(Records to use Opens)
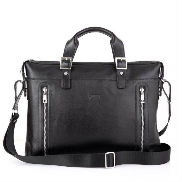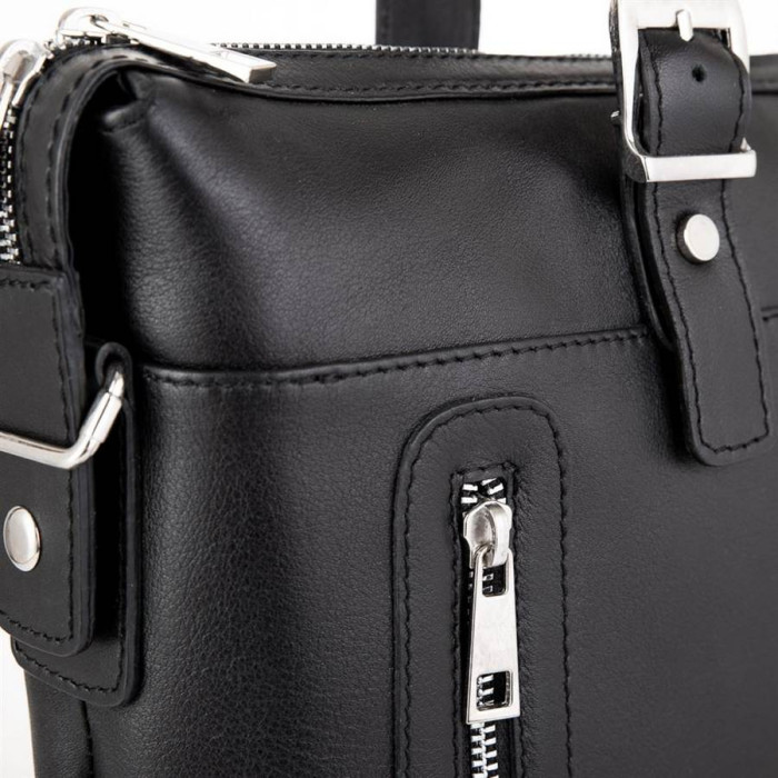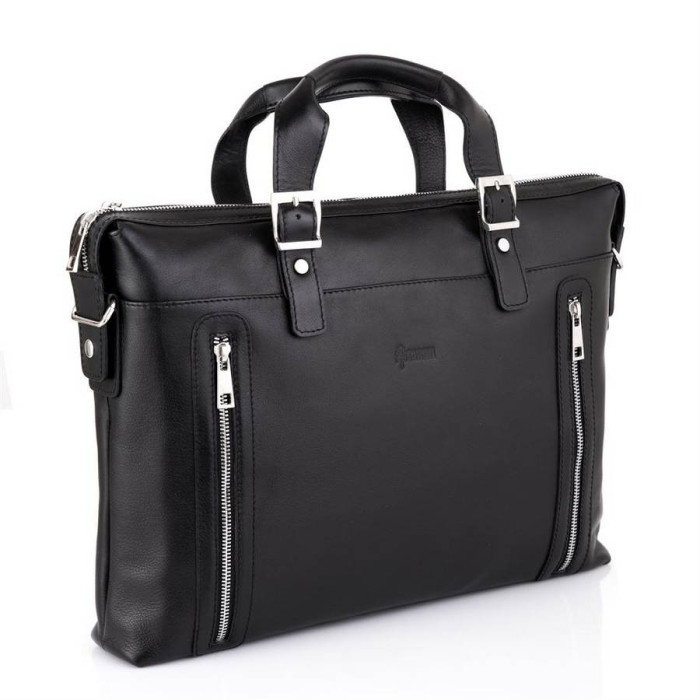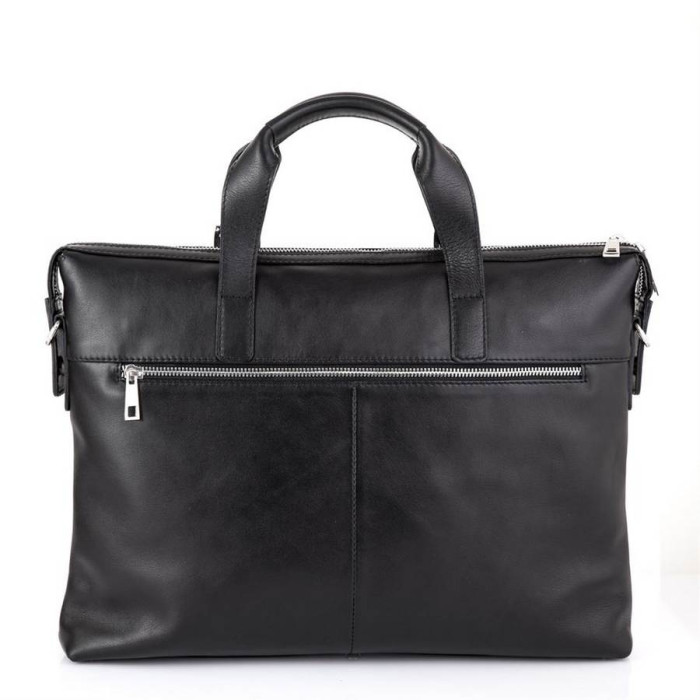 Класична сумка для ноутбука і документів TA-0043-4lx, від українського бренду TARWA. Призначена для документів формату А4 та ноутбука до 15 ". Модель тонка, але містка, виконана з натуральної шкіри" наппа "з використанням сучасних тенденцій і якісної фурнітури. Колір фурнітури - срібло. Має одне основне відділення, усередині якого розташовується кишеню-перегородка на блискавці. також передбачено врізна кишеня на блискавки і спеціальні відкриті кишені-органайзери для смартфона, портмоне і іншого. Лицьову сторону аксесуара доповнюють дві вертикальних блискавки, вони ж є кишенями. на задній стороні є велика врізна кишеня на металевій блискавці. Сама сумка також застібається на блискавку. Дві шкіряні ручки декоровані фальш-застібками. Дно сумки оснащено п'ятьма маленькими металевими ніжками. У комплект входить текстильний ремінь з шкіряними елементами через плече.
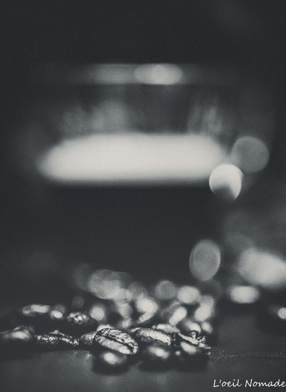 Photographie de packshot culinaire au Havre : café noir et grains de café sur fond texturé, jeu de contrastes et mise en lumière des arômes.
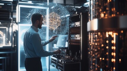 A scientist conducting experiments with quantum computers in a lab, high-tech research lab with quantum processors and advanced computing equipment, High-tech style
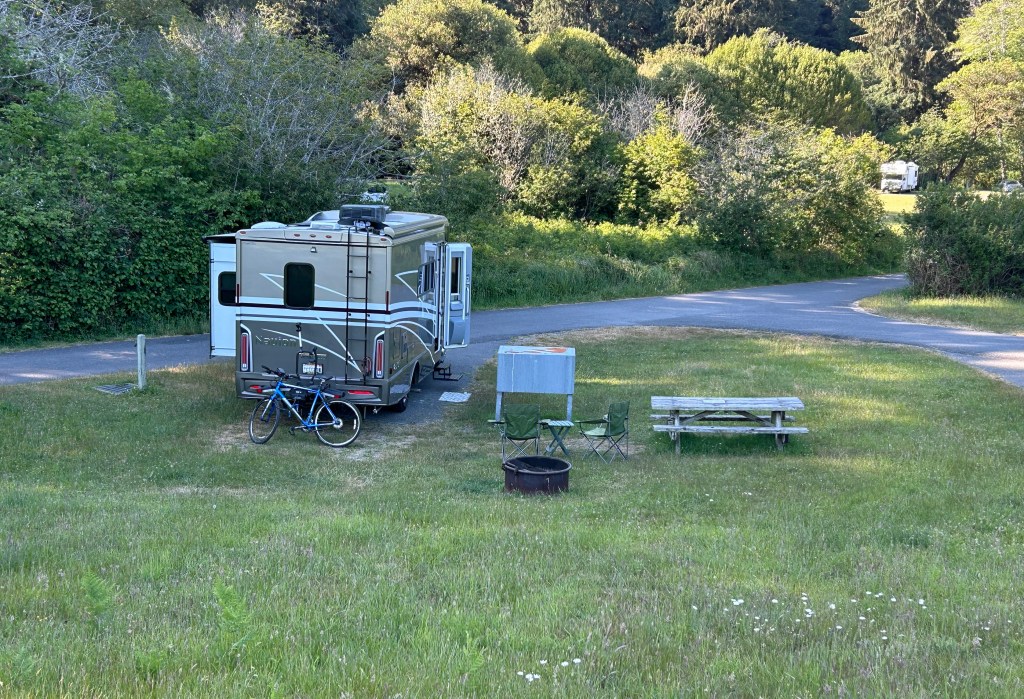 Months ago I reserved a campsite at Elk Prairie Campground in Redwoods National and State Park. This park is full every night in-season, and you must book or be shut-out. They also have tent sites and cabins, bath houses, and park headquarters. Sites are dry-camping only, with potable water spouts every ten sites or so. There are ranger programs and a lot of information on the Redwoods and the elk that hang around the area.
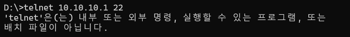 - 아래와 같이 메시지가 나오면 telnet 명령어가 활성화가 되어 있지 않은 상태입니다.
(Records to use Closes)
Your task >>
Could you copy the data above exactly, leaving the pictures out?

Answer area >>
 Класична сумка для ноутбука і документів TA-0043-4lx, від українського бренду TARWA. Призначена для документів формату А4 та ноутбука до 15 ". Модель тонка, але містка, виконана з натуральної шкіри" наппа "з використанням сучасних тенденцій і якісної фурнітури. Колір фурнітури - срібло. Має одне основне відділення, усередині якого розташовується кишеню-перегородка на блискавці. також передбачено врізна кишеня на блискавки і спеціальні відкриті кишені-органайзери для смартфона, портмоне і іншого. Лицьову сторону аксесуара доповнюють дві вертикальних блискавки, вони ж є кишенями. на задній стороні є велика врізна кишеня на металевій блискавці. Сама сумка також застібається на блискавку. Дві шкіряні ручки декоровані фальш-застібками. Дно сумки оснащено п'ятьма маленькими металевими ніжками. У комплект входить текстильний ремінь з шкіряними елементами через плече.
 Photographie de packshot culinaire au Havre : café noir et grains de café sur fond texturé, jeu de contrastes et mise en lumière des arômes.
 A scientist conducting experiments with quantum computers in a lab, high-tech research lab with quantum processors and advanced computing equipment, High-tech style
 Months ago I reserved a campsite at Elk Prairie Campground in Redwoods National and State Park. This park is full every night in-season, and you must book or be shut-out. They also have tent sites and cabins, bath houses, and park headquarters. Sites are dry-camping only, with potable water spouts every ten sites or so. There are ranger programs and a lot of information on the Redwoods and the elk that hang around the area.
 - 아래와 같이 메시지가 나오면 telnet 명령어가 활성화가 되어 있지 않은 상태입니다.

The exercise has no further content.